WHAT IS EXPECTED - Below this line are records; write out exactly the lines from the one containing "To ensure structural" through the one containing "Macchina da cucire", with the pictures left out.

SOURCE MATERIAL -
-----

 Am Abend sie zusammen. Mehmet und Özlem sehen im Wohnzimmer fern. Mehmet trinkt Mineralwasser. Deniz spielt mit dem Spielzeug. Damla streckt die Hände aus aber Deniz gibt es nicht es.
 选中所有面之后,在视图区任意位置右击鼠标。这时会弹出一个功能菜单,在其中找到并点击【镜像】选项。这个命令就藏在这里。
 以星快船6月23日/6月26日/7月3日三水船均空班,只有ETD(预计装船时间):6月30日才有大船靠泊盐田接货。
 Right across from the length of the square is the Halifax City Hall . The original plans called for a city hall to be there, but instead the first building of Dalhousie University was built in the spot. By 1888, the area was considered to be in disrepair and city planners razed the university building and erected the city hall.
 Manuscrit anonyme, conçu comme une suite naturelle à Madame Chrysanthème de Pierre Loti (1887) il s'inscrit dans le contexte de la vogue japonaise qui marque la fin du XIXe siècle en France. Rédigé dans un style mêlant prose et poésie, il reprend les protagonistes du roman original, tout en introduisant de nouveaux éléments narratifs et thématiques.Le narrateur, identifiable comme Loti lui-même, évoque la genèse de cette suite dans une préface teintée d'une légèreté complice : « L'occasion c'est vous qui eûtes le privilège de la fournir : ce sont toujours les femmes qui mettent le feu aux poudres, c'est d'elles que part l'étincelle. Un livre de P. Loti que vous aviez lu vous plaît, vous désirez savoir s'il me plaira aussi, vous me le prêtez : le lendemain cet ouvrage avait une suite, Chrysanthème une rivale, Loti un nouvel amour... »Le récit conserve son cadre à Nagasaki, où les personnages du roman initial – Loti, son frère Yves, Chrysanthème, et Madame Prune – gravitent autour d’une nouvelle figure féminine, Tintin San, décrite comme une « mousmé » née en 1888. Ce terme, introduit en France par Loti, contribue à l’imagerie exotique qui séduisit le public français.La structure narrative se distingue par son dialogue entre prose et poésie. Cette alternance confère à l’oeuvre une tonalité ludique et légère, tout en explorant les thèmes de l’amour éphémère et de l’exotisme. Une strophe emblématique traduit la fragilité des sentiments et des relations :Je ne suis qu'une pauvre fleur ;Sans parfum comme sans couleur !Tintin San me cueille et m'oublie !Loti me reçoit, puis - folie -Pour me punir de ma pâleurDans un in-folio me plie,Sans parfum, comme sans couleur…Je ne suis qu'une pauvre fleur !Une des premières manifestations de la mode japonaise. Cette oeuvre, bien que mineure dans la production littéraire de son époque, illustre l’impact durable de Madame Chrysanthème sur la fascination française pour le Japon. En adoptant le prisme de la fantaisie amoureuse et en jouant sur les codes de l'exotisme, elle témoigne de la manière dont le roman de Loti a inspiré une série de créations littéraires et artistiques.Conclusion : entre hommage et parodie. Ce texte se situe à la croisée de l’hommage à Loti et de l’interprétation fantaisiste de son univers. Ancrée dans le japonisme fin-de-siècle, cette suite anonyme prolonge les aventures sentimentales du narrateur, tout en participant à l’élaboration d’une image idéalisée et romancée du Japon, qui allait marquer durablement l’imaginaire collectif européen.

-----

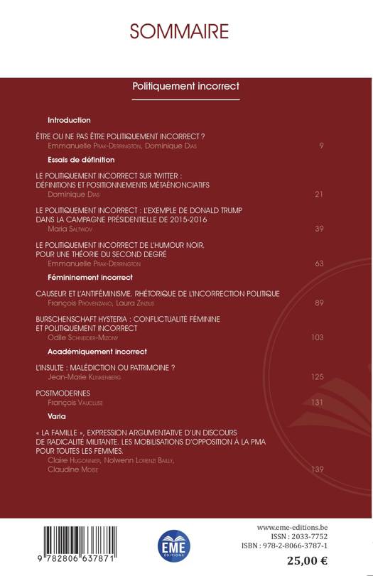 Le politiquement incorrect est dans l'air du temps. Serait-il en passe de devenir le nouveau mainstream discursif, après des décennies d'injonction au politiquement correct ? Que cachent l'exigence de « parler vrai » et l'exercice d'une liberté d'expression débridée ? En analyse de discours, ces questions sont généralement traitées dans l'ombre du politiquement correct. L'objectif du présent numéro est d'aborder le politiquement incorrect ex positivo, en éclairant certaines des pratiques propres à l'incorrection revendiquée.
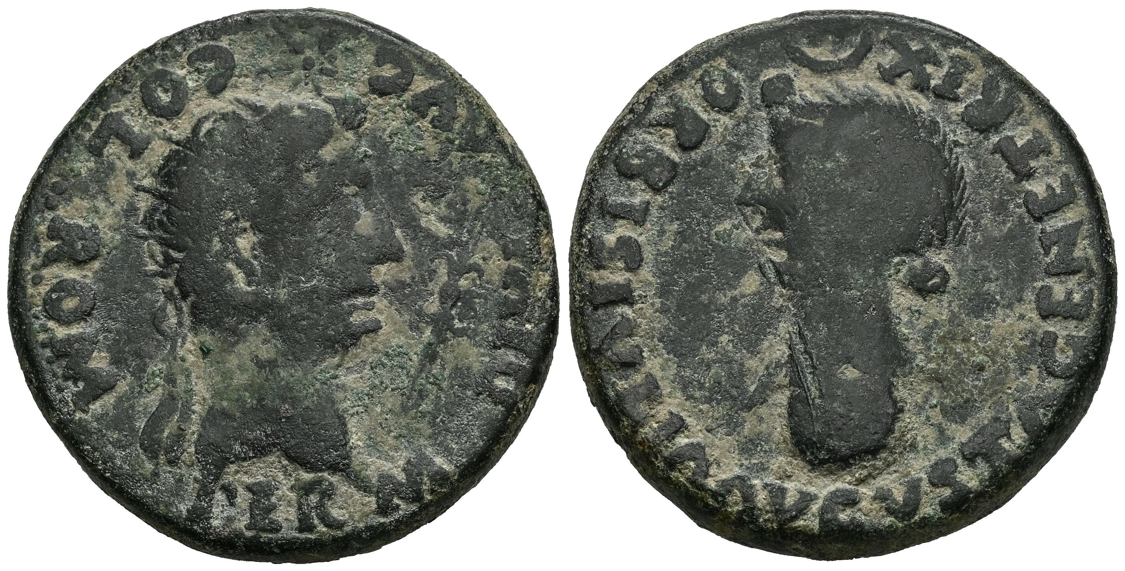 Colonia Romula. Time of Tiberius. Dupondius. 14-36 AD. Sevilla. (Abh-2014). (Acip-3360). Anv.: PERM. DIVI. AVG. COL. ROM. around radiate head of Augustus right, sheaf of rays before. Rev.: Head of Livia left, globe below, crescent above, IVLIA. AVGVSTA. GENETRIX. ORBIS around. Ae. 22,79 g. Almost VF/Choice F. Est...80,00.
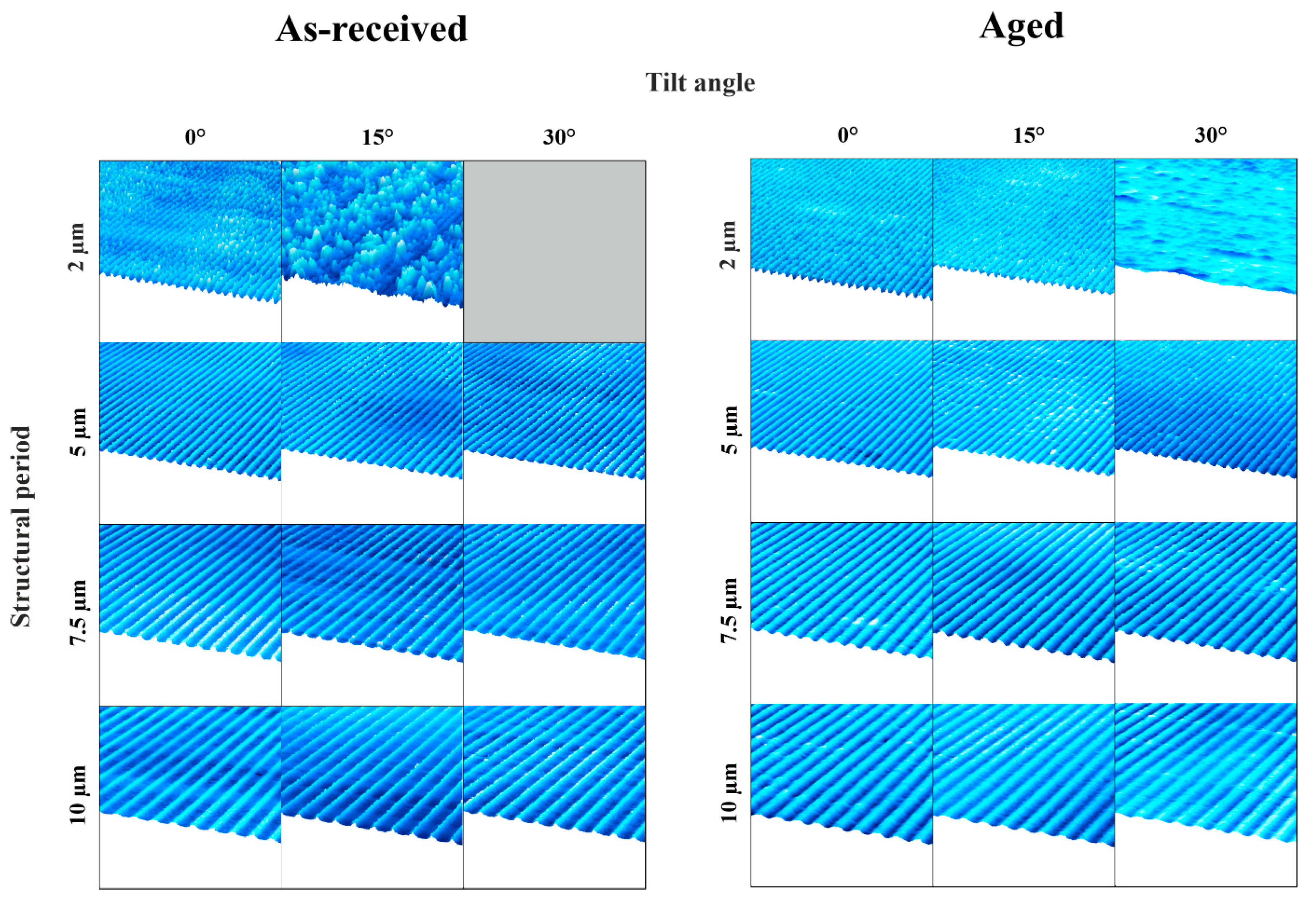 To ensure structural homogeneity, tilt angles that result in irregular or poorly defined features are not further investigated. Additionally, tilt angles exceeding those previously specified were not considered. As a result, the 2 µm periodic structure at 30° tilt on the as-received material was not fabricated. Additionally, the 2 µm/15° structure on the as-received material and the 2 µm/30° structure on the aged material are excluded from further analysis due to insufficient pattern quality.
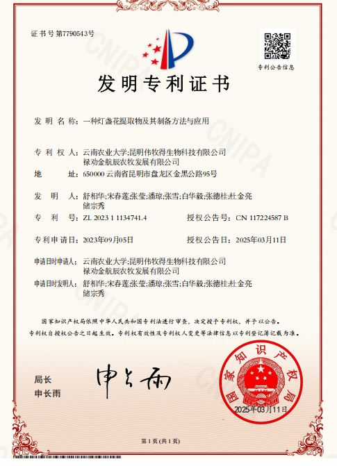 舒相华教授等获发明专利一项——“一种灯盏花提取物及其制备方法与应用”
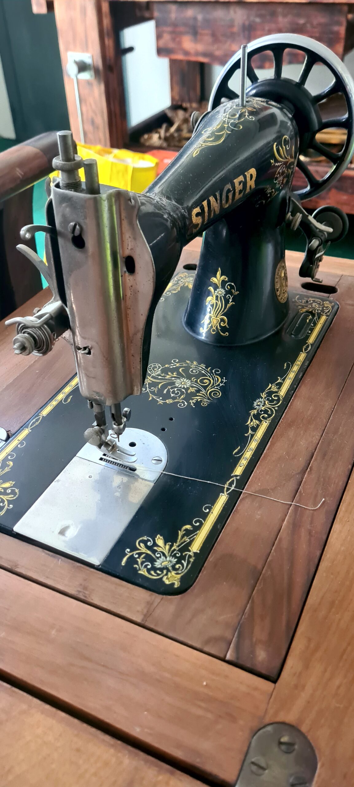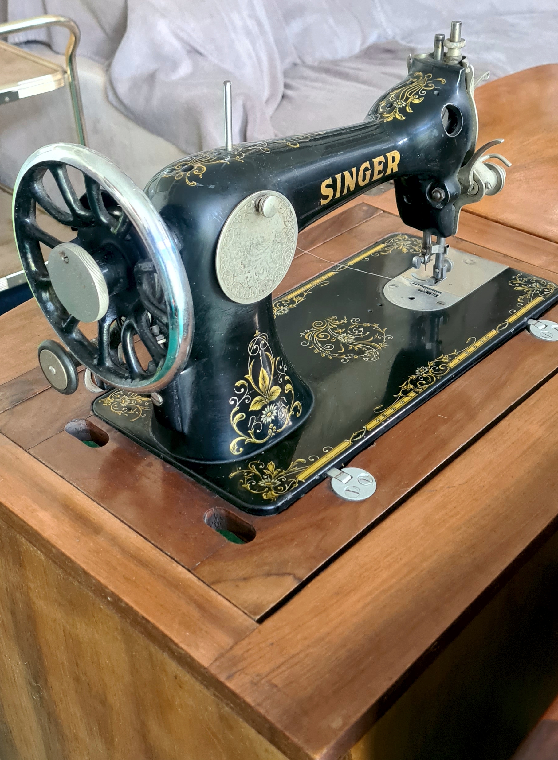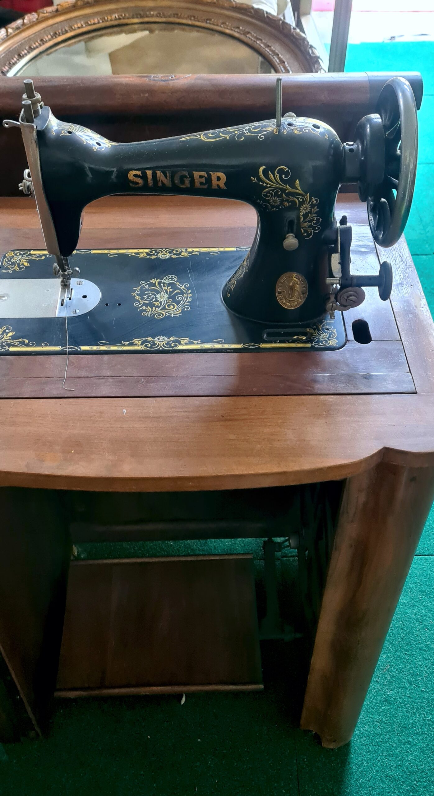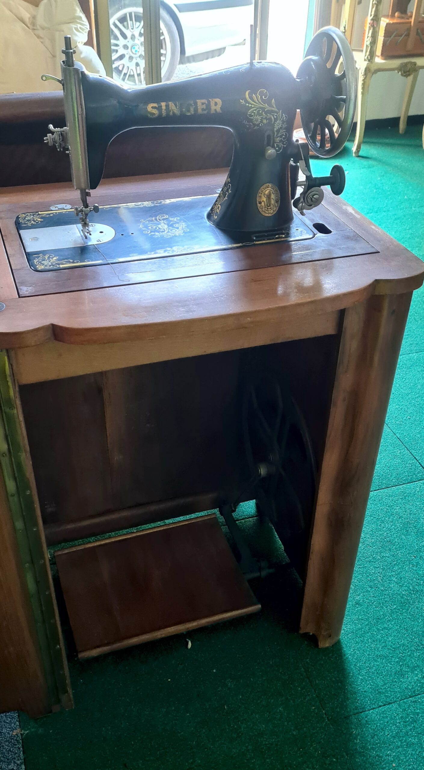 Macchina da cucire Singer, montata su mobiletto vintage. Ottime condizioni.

-----

THE COMPLETED TASK -
 To ensure structural homogeneity, tilt angles that result in irregular or poorly defined features are not further investigated. Additionally, tilt angles exceeding those previously specified were not considered. As a result, the 2 µm periodic structure at 30° tilt on the as-received material was not fabricated. Additionally, the 2 µm/15° structure on the as-received material and the 2 µm/30° structure on the aged material are excluded from further analysis due to insufficient pattern quality.
 舒相华教授等获发明专利一项——“一种灯盏花提取物及其制备方法与应用”
 Macchina da cucire Singer, montata su mobiletto vintage. Ottime condizioni.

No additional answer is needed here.